===== SUPPLIED MATERIAL =====

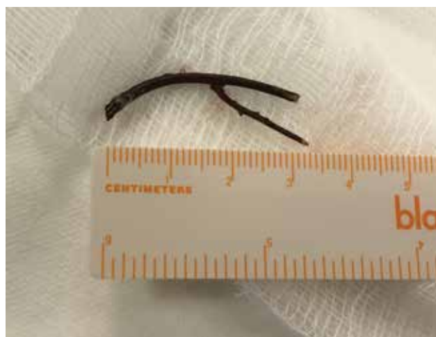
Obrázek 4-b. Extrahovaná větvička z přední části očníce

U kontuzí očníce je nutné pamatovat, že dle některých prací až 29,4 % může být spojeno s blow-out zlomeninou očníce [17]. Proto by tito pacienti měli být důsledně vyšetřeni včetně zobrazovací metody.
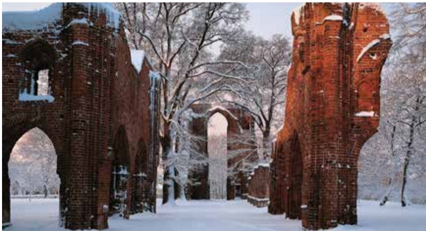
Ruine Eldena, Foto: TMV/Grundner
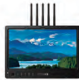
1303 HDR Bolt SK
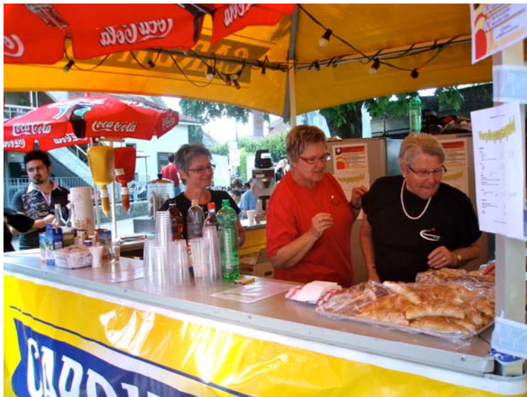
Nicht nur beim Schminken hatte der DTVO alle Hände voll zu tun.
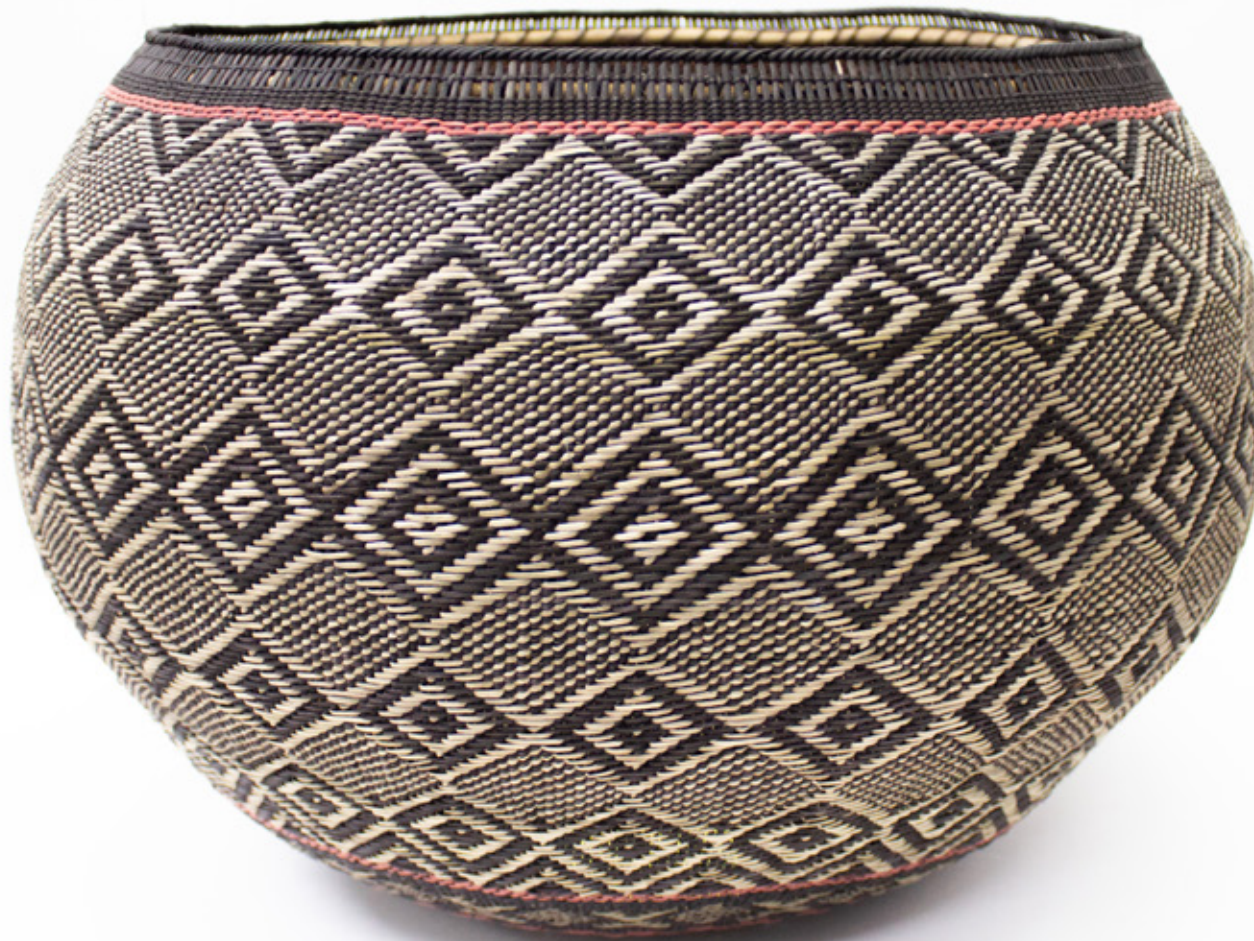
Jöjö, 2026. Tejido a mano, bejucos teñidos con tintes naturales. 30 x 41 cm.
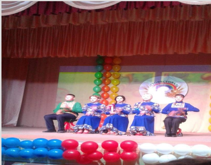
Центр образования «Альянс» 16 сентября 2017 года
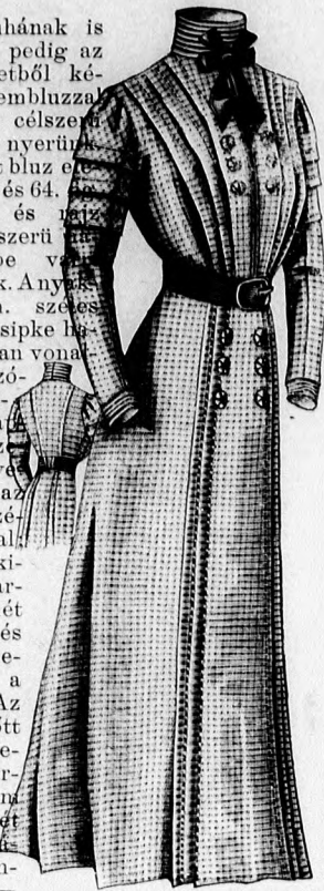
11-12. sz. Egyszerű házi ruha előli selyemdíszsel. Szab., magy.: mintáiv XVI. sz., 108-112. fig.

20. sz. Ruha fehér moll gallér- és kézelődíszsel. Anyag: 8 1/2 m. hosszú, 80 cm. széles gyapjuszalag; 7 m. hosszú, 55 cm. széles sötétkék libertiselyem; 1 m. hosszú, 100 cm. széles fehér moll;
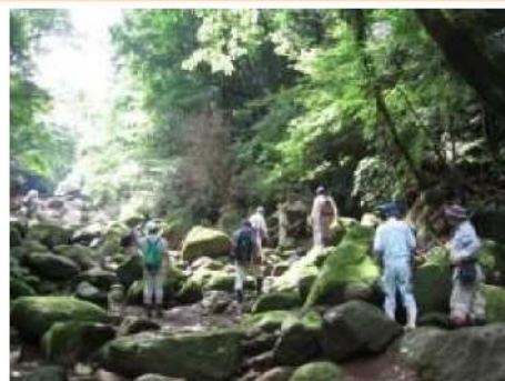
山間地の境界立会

=====

◆ **REQUIREMENT**
Give the count of lines in the data above holding the word "očníce", and nothing beyond it.

◆ **ANSWER BOX**
2